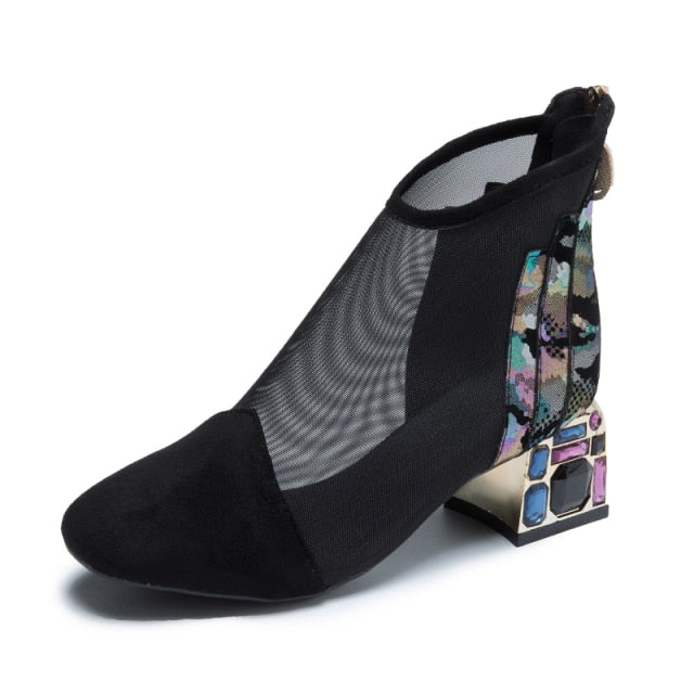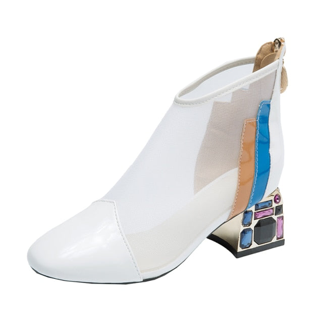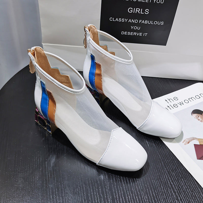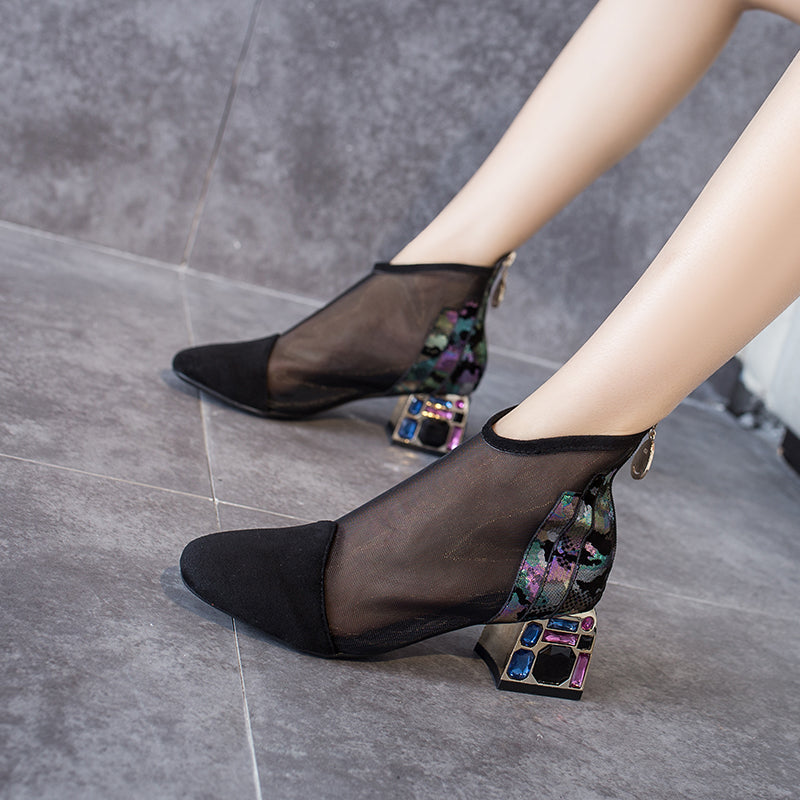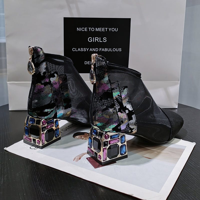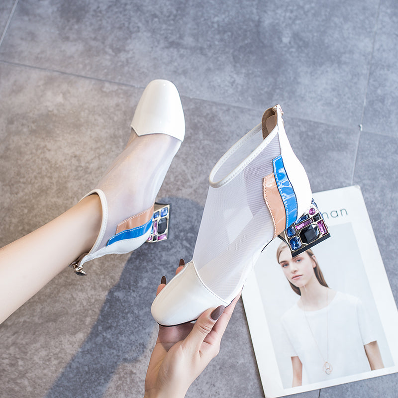 Feeling your best with these ankle boots. The see-through design combined with the colorful stripe makes it fun to style. The artificial gemstones decorated heels also add a unique luxurious touch. These boots are the perfect pair for those who are looking for something different.
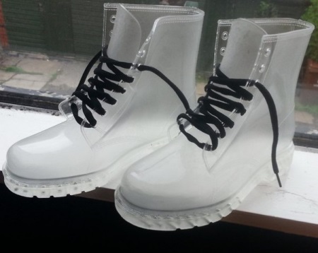 Transparent berets are made from vulcanized rubber and provide them with a classic anti-slip sole. Kinda, these are rubber boots, only laces. They can be colorless, colored and with various prints. Look great with bright socks and cropped jeans.
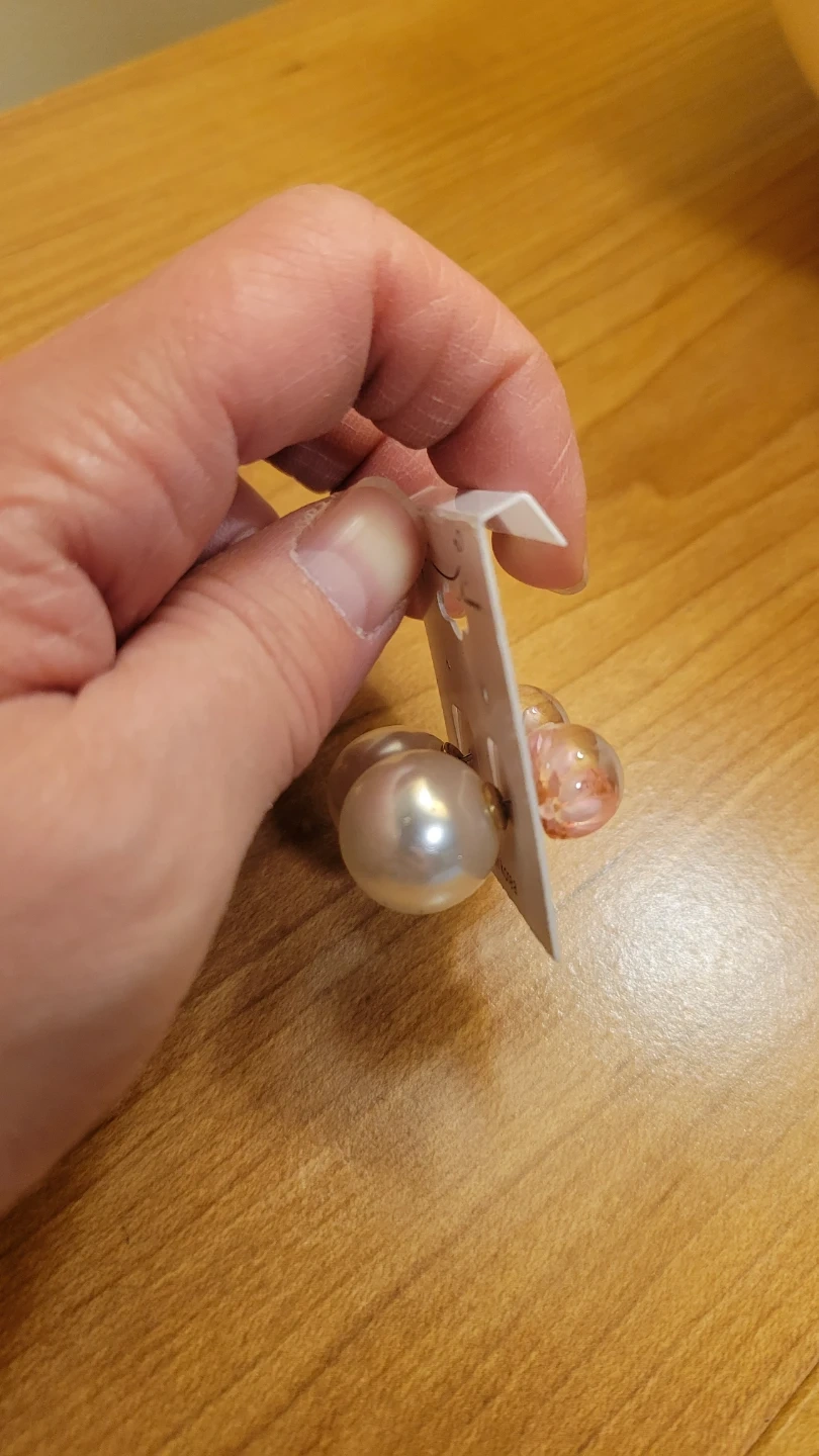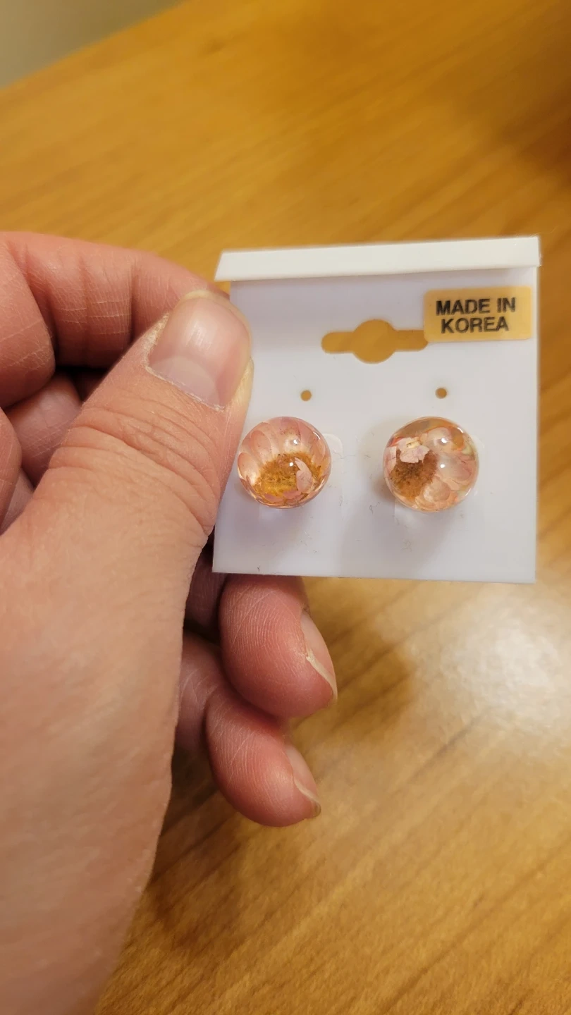 This earrings has a pair of faux pearl stud on one end and a pair of floral resin stud on the other end. Two different styles in one pair of earrings. It is made in Korea. They're perfect for adding a touch of elegance or a pop of colour to any outfit!

# TASK INSTRUCTIONS
Exact copy, pictures removed: set down the whole listing above.

# EXERCISE RESULT
 Feeling your best with these ankle boots. The see-through design combined with the colorful stripe makes it fun to style. The artificial gemstones decorated heels also add a unique luxurious touch. These boots are the perfect pair for those who are looking for something different.
 Transparent berets are made from vulcanized rubber and provide them with a classic anti-slip sole. Kinda, these are rubber boots, only laces. They can be colorless, colored and with various prints. Look great with bright socks and cropped jeans.
 This earrings has a pair of faux pearl stud on one end and a pair of floral resin stud on the other end. Two different styles in one pair of earrings. It is made in Korea. They're perfect for adding a touch of elegance or a pop of colour to any outfit!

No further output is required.